Description of the task – Exact copy, no pictures: return only the lines below from the line with "Podemos entregar a" up to and including the line with "Il do di petto".
* * * * *
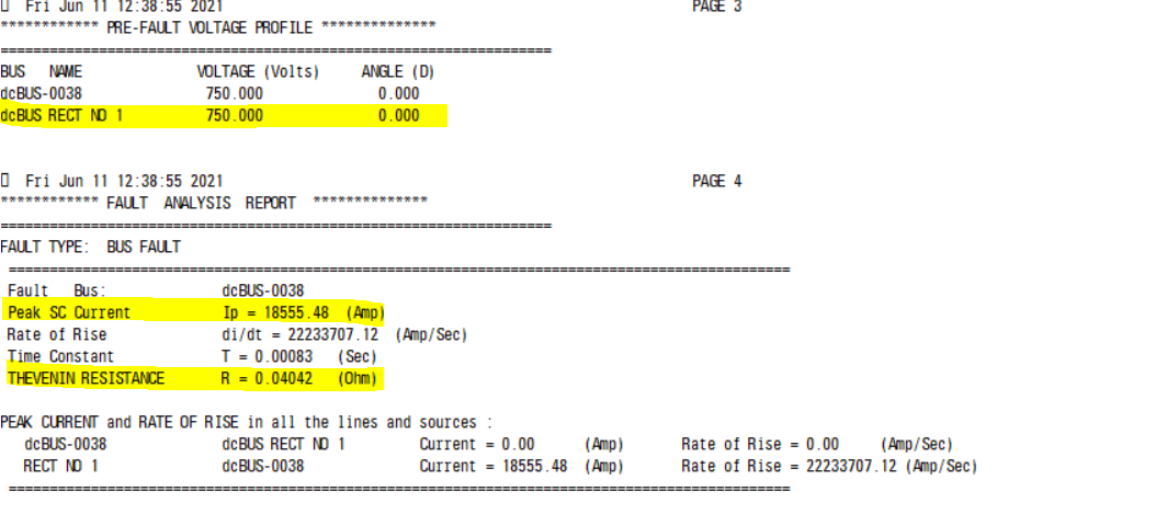 The calculation for the Peak SC current in DC short circuit is based on the bus voltage and the Thevenin resistance.
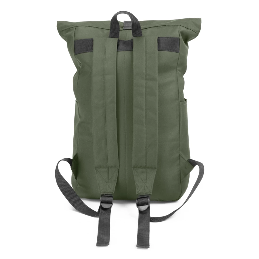 Plecak z przednią kieszenią i główną przegrodą na zamek błyskawiczny, wykonany z RPET, zgodny z certyfikatem GRS (Global RecycIed Standard), 2 kieszenie boczne, rozwijalna główna kieszeń zamykana na klamrę, która umożliwia zwiększanie pojemności plecaka oraz lepiej chroni przed czynnikami atmosferycznymi po zwinięciu, regulowane paski na ramię
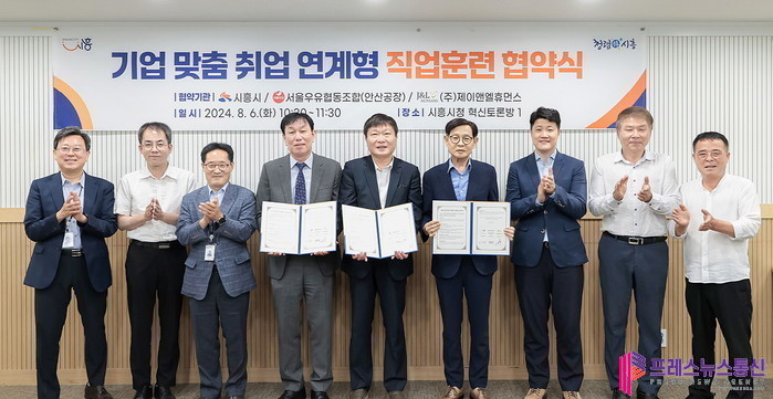 시청 혁신토론방에서 이뤄진 협약식에는 박승삼 시흥시 부시장을 비롯해 박광심 서울우유협동조합 안산 총괄공장장, 정용기 ㈜제이앤엘휴먼스 회장 등이 참석했다. 이번 협약은 시흥시가 제조 기반의 산업현장에서 다양한 직무 인재를 양성해 산업현장의 흐름에 맞춰 양질의 일자리를 창출하기 위해 마련됐다.
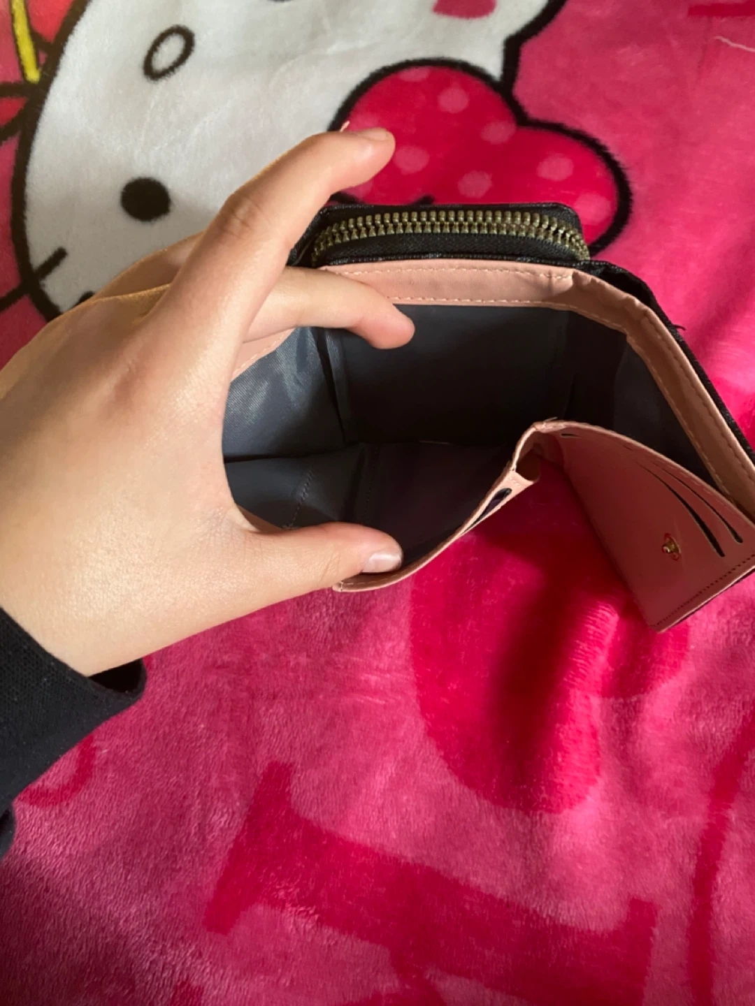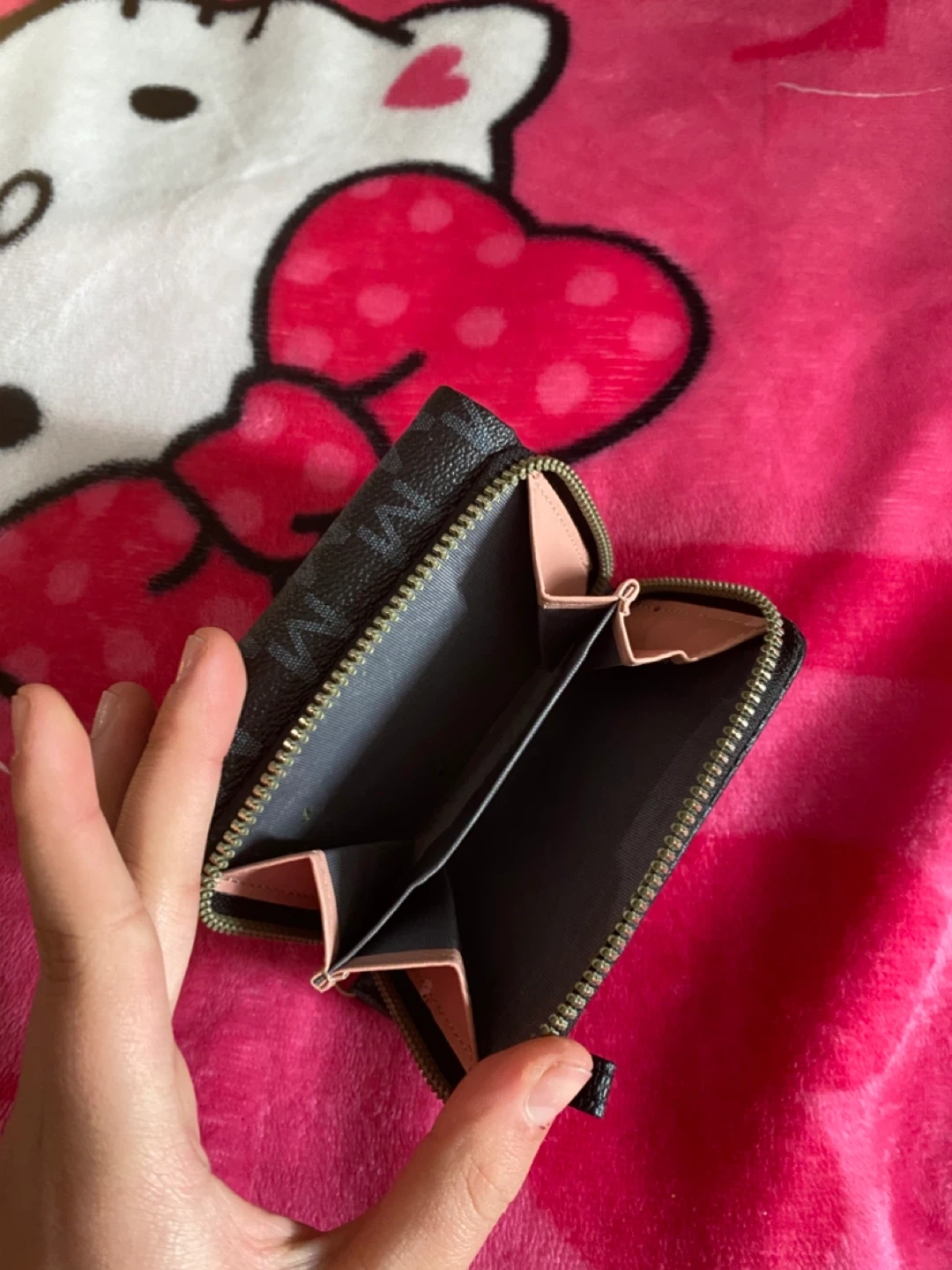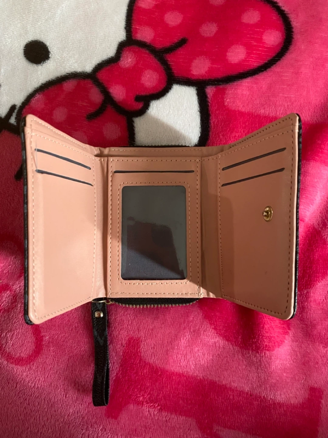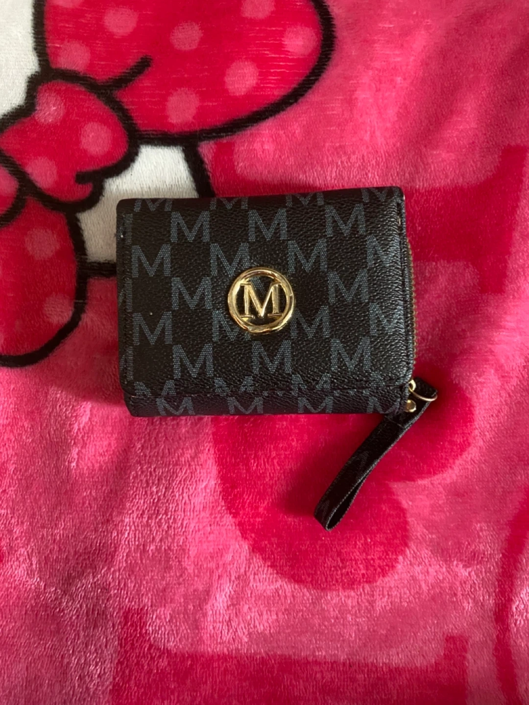 A small tri-fold wallet with a zip-around closure. It has multiple card slots and a coin pocket. Made from faux leather material.
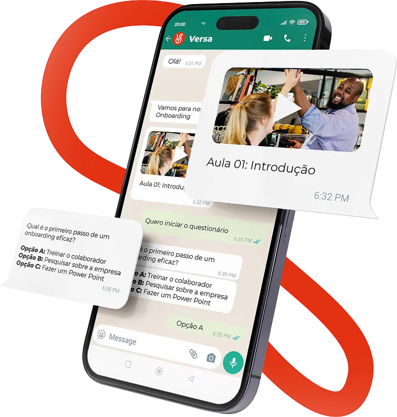 Podemos entregar a sua trilha de integração por Whtaspp de forma totalmente interativa, juridicamente válida e com engajamento de mais de 90%.
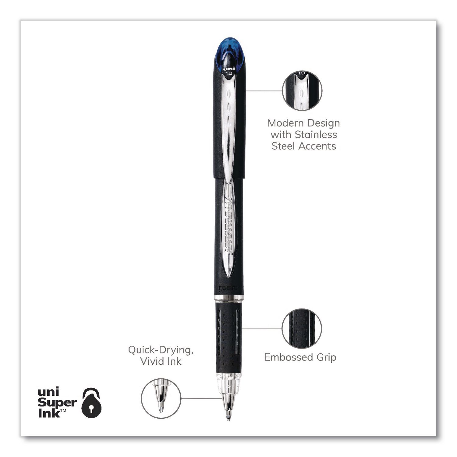 Write with greater speed and efficiency with Jetstream™ hybrid pens. Combining the silky-smooth performance and vivid vibrancy of a gel with the fast-drying efficiency of a ballpoint, Jetstream™ Form-Fitting Comfort Grip Hybrid Pens offer the best of both worlds to deliver an incredibly fast, clean writing experience. uni Super Ink technology ensures their ink settles deep to form an ever-lasting bond with paper that both enhances the ink’s intensity while providing three-way protection against water, fading and fraud. An embossed, form-fitting grip offers enhanced comfort and control, and a modern design with stainless-steel accents offers a stylish yet timeless appeal. Pen Sub-Brand & Product Family: Jetstream™ Form-Fitting Comfort Grip; Pen Type: Hybrid Gel Pen; Pen Style: Stick; Pen Tip Type: Conical.
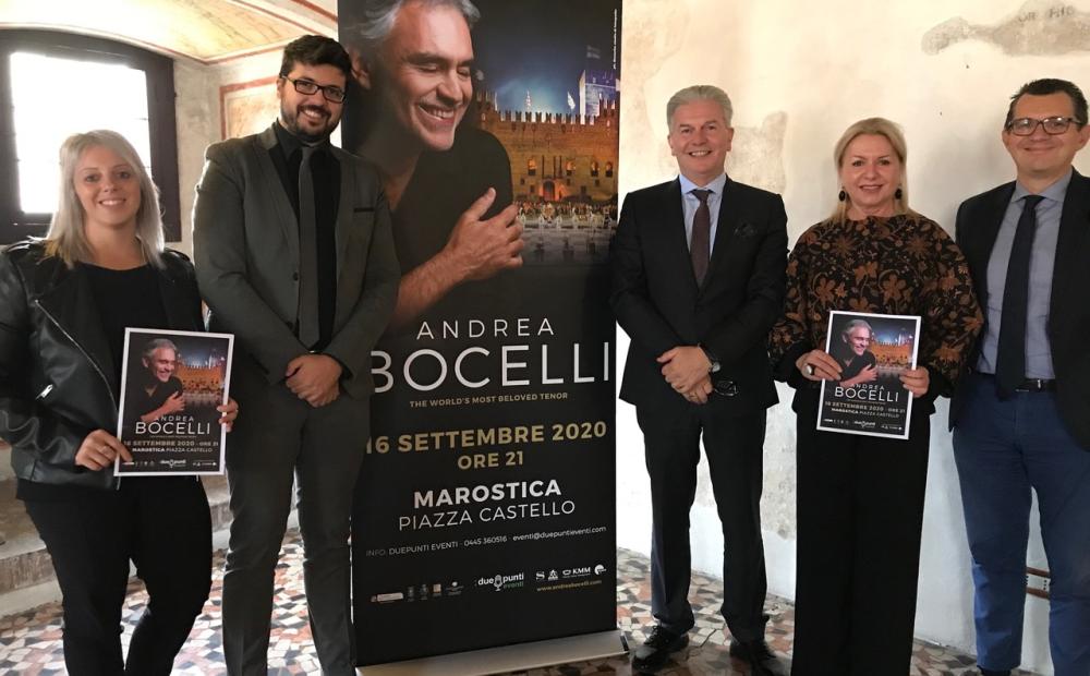 Il do di petto dell'amministrazione comunale di Marostica viene annunciato in conferenza stampa. Dopo lo straordinario successo del 2016, con un concerto esaurito in ogni ordine di posti, ritorna a Marostica Andrea Bocelli. Accadrà il 16 settembre 2020 nella piazza Castello che per l'occasione sarà allestita con le speciali tribune della Partita a Scacchi a personaggi viventi, che andrà in scena nei giorni precedenti al concerto (11, 12 e 13 settembre 2020). L'annunciazione del grande evento che verrà viene comunicata dal sindaco Matteo Mozzo, dall'assessore comunale al Turismo Ylenia Bianchin, dalla presidente della Confcommercio di Marostica Marisa Lunardon e da Valerio Simonato della DuePunti Eventi di Thiene, con cui il Comune scaligero ha siglato un contratto di cinque anni per l'organizzazione del programma degli eventi.
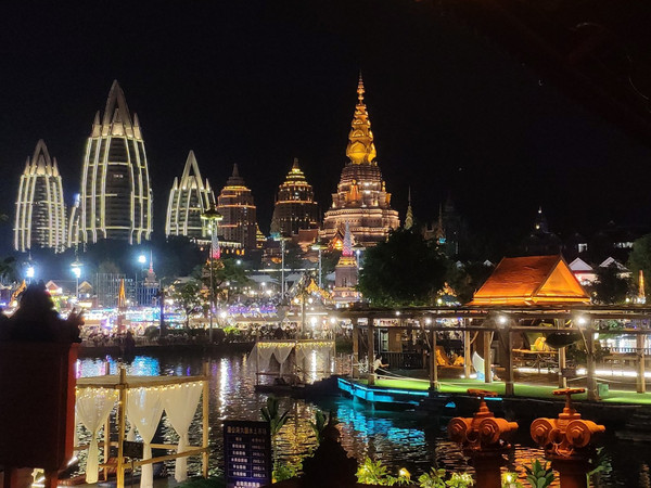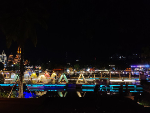 水上市场,可坐船水上夜游。水域周边,则是各种入夜模式的开枝散叶,有搭设霓虹纱帐卡座的,有各种小摊位卖果汁卖烤肉卖饰品的,也有舞台上唱歌的,两三个歌手轮流唱傣族味道的歌曲(听着像 泰国 歌曲),台下观众欢呼雀跃,真是热闹的夜。
* * * * *
Expected answer –
 Podemos entregar a sua trilha de integração por Whtaspp de forma totalmente interativa, juridicamente válida e com engajamento de mais de 90%.
 Write with greater speed and efficiency with Jetstream™ hybrid pens. Combining the silky-smooth performance and vivid vibrancy of a gel with the fast-drying efficiency of a ballpoint, Jetstream™ Form-Fitting Comfort Grip Hybrid Pens offer the best of both worlds to deliver an incredibly fast, clean writing experience. uni Super Ink technology ensures their ink settles deep to form an ever-lasting bond with paper that both enhances the ink’s intensity while providing three-way protection against water, fading and fraud. An embossed, form-fitting grip offers enhanced comfort and control, and a modern design with stainless-steel accents offers a stylish yet timeless appeal. Pen Sub-Brand & Product Family: Jetstream™ Form-Fitting Comfort Grip; Pen Type: Hybrid Gel Pen; Pen Style: Stick; Pen Tip Type: Conical.
 Il do di petto dell'amministrazione comunale di Marostica viene annunciato in conferenza stampa. Dopo lo straordinario successo del 2016, con un concerto esaurito in ogni ordine di posti, ritorna a Marostica Andrea Bocelli. Accadrà il 16 settembre 2020 nella piazza Castello che per l'occasione sarà allestita con le speciali tribune della Partita a Scacchi a personaggi viventi, che andrà in scena nei giorni precedenti al concerto (11, 12 e 13 settembre 2020). L'annunciazione del grande evento che verrà viene comunicata dal sindaco Matteo Mozzo, dall'assessore comunale al Turismo Ylenia Bianchin, dalla presidente della Confcommercio di Marostica Marisa Lunardon e da Valerio Simonato della DuePunti Eventi di Thiene, con cui il Comune scaligero ha siglato un contratto di cinque anni per l'organizzazione del programma degli eventi.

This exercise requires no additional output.